Avatar

From data overload to enhanced digital resilience. Cisco IT unified telemetry data across its vast network, enabling automation to handle 99.998% of alerts and achieving zero major incidents empowering engineers to proactively manage network health at scale.  

The data problem: overload, limited insight, and silos

Cisco IT manages a vast, complex environment with hundreds of thousands of assets – including computers, switches, access points, home devices, and a wide range of applications and services – as well as external systems like internet service and cloud providers. Each of these assets generates telemetry, presenting a challenge to effectively monitor and make sense of high volumes of diverse data across our environment. 

In our previous network operations model, we outsourced a function responsible for network observability monitoring, second-level support for triage, and technical expertise. This outsourced function relied on traditional monitoring methods involving manual processes and siloed dashboards.  

As a result, we lacked control to tailor how telemetry was processed, routed, and actioned – leading to generic metrics and limited insight into critical areas like user experience and application performance. For example, while we could see that the network was operational, we had limited visibility into critical areas like user experience and application performance. 

Recognizing this data problem, we decided to bring the outsourced network operations function in-house. This gave us full control to design and implement a modernized network observability strategy, enabling us to better leverage our wealth of telemetry and ultimately strengthen Cisco’s digital resilience. 

However, this shift wasn’t just about changing team responsibilities. It also meant losing our existing network observability system and requiring our smaller team to manage the massive volume of telemetry data. 

To add to the pressure, due to contractual obligations, we were given just 40 days to make this transition and build a completely new network observability system. 
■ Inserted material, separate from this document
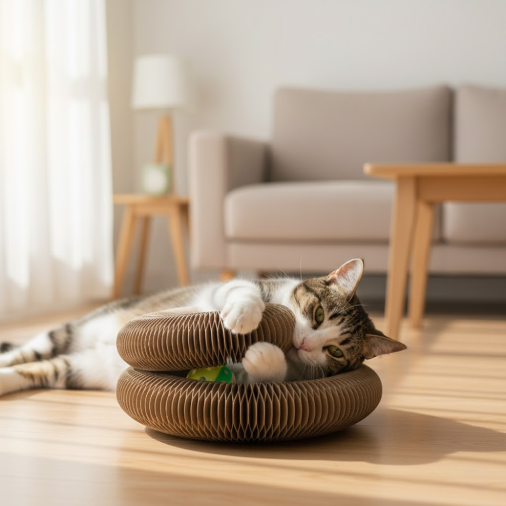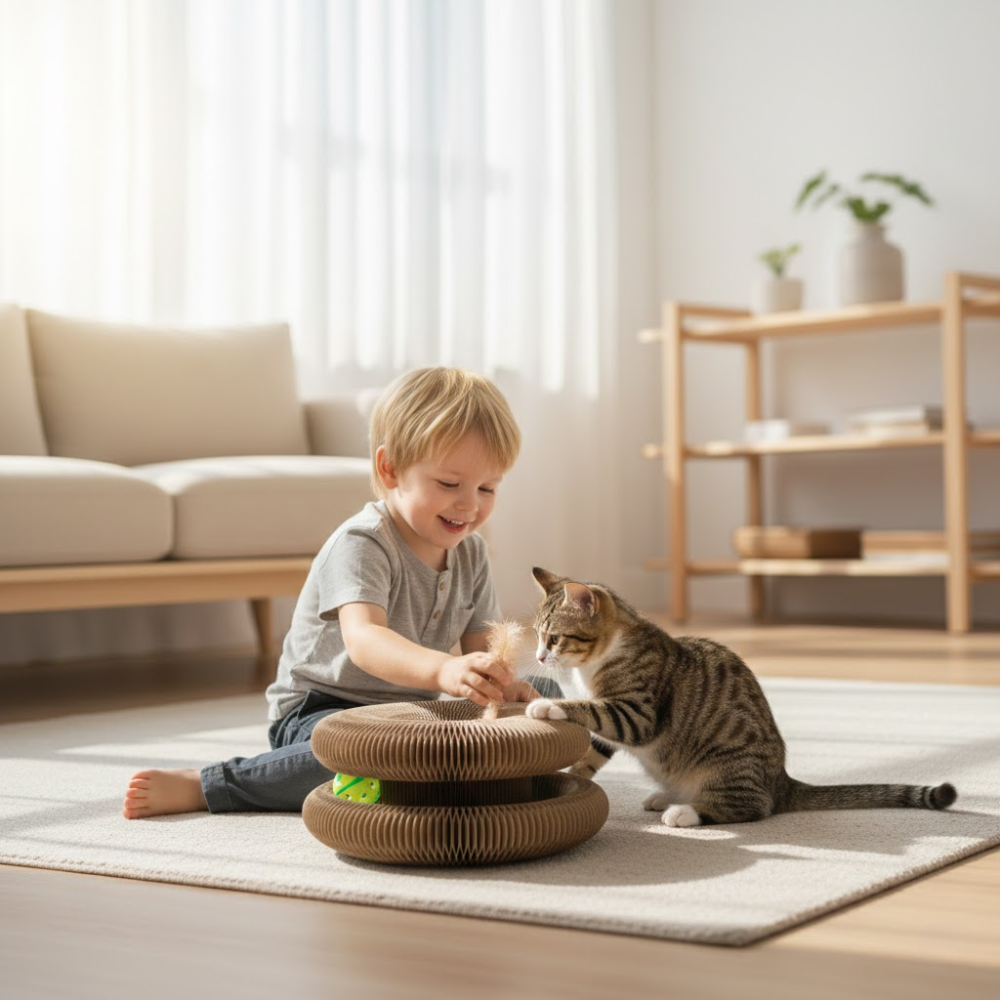Für Katzenhalter ist der Kampf um die Möbel oft zermürbend. Herkömmliche Kratzmatten werden schnell ignoriert, und die Katze kehrt zum Sofa zurück. ScratchLoop™ löst dieses Problem durch unwiderstehliche Vielfalt: Die raue Wellpappe zieht Krallen magisch an und lenkt den natürlichen Kratzinstinkt effektiv von Ihren Möbeln weg. Gleichzeitig sorgt die integrierte Kugelbahn für sofortige Action. Es ist die Rettung für „Furniture First“ Dekorateure und gelangweilte Katzen, die endlich eine spannende, erlaubte Alternative zum Sofa brauchen.

Inside the blueprint: Building a modern observability system

The task at hand wasn’t just to replace and mirror the outsourced network operations and legacy observability system, but to build something better. We wanted to build a system that could handle massive volumes of data, deliver deeper, actionable, and proactive insights, and enable a leaner team to be more productive. 

To achieve this, we designed a network observability model focused on three key areas:   

  1. Collect: Gathers telemetry and metrics from thousands of devices, applications, and platforms – both within owned and unowned, external environments
  2. Monitor:  Uses tools and algorithms to process and analyze the collected data, helping to identify patterns, anomalies, and potential issues within the network
  3. Act: Initiates human or automated responses when identified problems meet predefined rule criteria, enabling timely remediation.  

Network observability model: collect, monitor, act

Figure 1: Cisco IT’s network observability model

While this system is run by a centralized networking team, data and rule creation are democratized – allowing engineers and service owners across IT to define and customize their own alert rules via GitOps. This ensures the system adapts to unique and evolving business needs.

To operate this network management strategy, we use a combination of Cisco solutions:

  • Cisco’s network management solutions, including Catalyst Center, SD-WAN Manager, Meraki Dashboard, and Nexus Dashboard, collect and monitor detailed telemetry, performance metrics, and security status data on their respective assets. This provides comprehensive visibility and assurance, in addition to their other core capabilities for managing network devices.
  • ThousandEyes provides real-time, end-to-end visibility into network and application performance. It also extends this visibility into external, unowned environments such as public internet and cloud services. These granular insights feed into the observability system, giving us a complete view of user experience and connectivity – no matter where employees are working.
  • Splunk Cloud Platform acts as a unified operations dashboard – aggregating and visualizing telemetry data from the above solutions that were previously siloed. It enables real-time monitoring, enabling engineers to quickly focus on the most critical alerts.

Together, Splunk and ThousandEyes allow us in Cisco IT to proactively monitor, analyze, and act on millions of events daily.

Cisco IT network observability system tools

Figure 2: Cisco IT’s observability system tools and integrations

Automation is a critical component of our network observability strategy. By feeding telemetry data and incident outcomes into our Large Language Models (LLMs) and automation systems, we can efficiently process and prioritize millions of daily alerts to reduce engineer workload and speed up response times, improving end-user experience.

The payoff: Enhanced resilience, efficiency, and beyond

From the beginning, we recognized that this initiative would involve significant upfront work. However, the results have far exceeded our initial expectations.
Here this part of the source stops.